Will you output all of the data below exactly, omitting the images?

SOURCE DATA:
· · ·
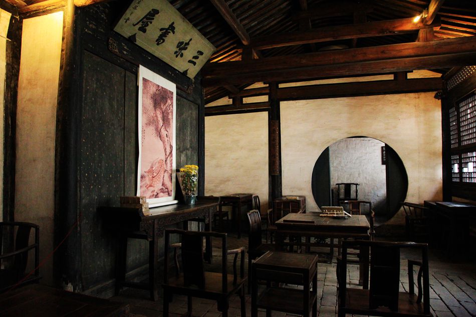 我终于见到了鲁迅笔下的三味书屋。一扇黑油的竹门,一间约30平米的屋,一张八仙桌,上悬“三味书屋”匾额,下挂着松鹿图。两侧为学生座位。这就是当时绍兴城内最负盛名的私墪。鲁迅在这里接受了五年的中国传统教育,除“四书五经”外,还读了许多古典文学及具有爱国思想和反抗精神野史、笔记和小说。鲁迅刻苦学习的精神受到先生的褒赞。
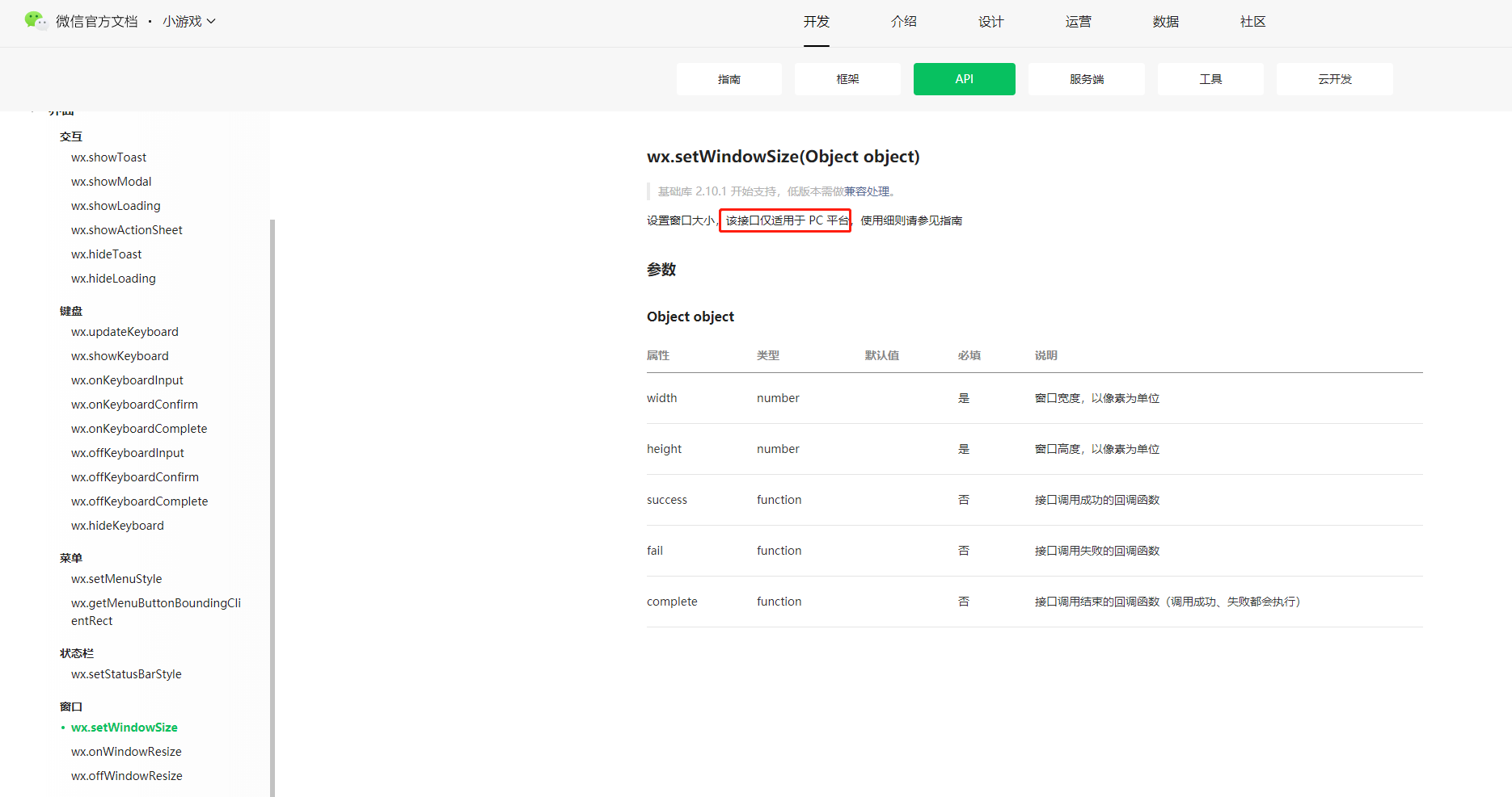 相同的代码在微信2.9.0.34调用返回{"errMsg":"setWindowSize:fail:illegal parameter."},看文档上参数说明也没有变化,微信升级后,此接口参数有变化吗?
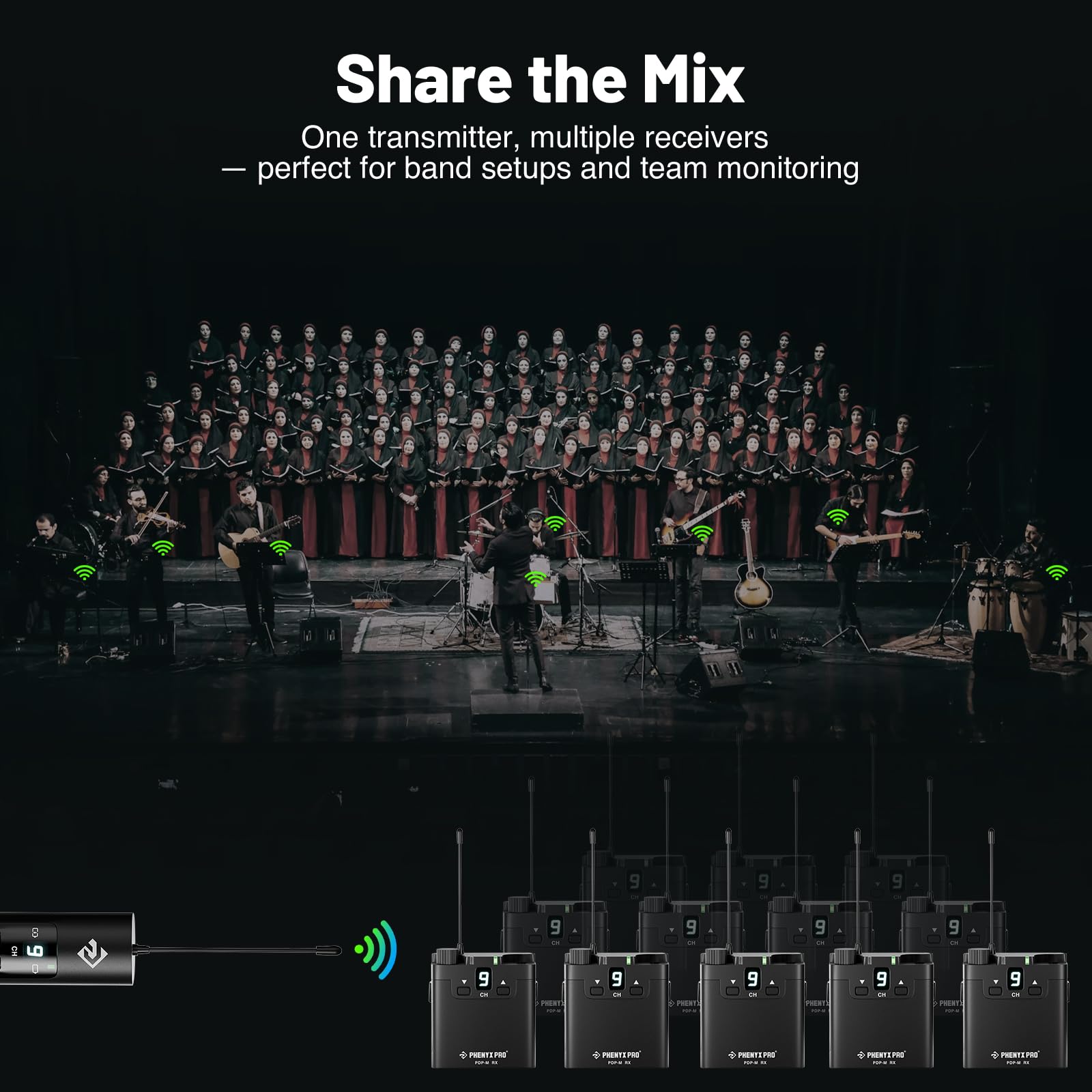 SCALABLE AUDIO SETUP - With 16 selectable UHF frequencies of the wireless audio transmitter and receiver, you can quickly switch to a clean frequency whenever interference occurs, ensuring smooth and uninterrupted monitoring during live use. One transmitter can connect to multiple receivers simultaneously, ideal for group performances, rehearsals, or worship teams—enabling a more scalable and flexible monitoring setup
· · ·
EXERCISE ANSWER:
 我终于见到了鲁迅笔下的三味书屋。一扇黑油的竹门,一间约30平米的屋,一张八仙桌,上悬“三味书屋”匾额,下挂着松鹿图。两侧为学生座位。这就是当时绍兴城内最负盛名的私墪。鲁迅在这里接受了五年的中国传统教育,除“四书五经”外,还读了许多古典文学及具有爱国思想和反抗精神野史、笔记和小说。鲁迅刻苦学习的精神受到先生的褒赞。
 相同的代码在微信2.9.0.34调用返回{"errMsg":"setWindowSize:fail:illegal parameter."},看文档上参数说明也没有变化,微信升级后,此接口参数有变化吗?
 SCALABLE AUDIO SETUP - With 16 selectable UHF frequencies of the wireless audio transmitter and receiver, you can quickly switch to a clean frequency whenever interference occurs, ensuring smooth and uninterrupted monitoring during live use. One transmitter can connect to multiple receivers simultaneously, ideal for group performances, rehearsals, or worship teams—enabling a more scalable and flexible monitoring setup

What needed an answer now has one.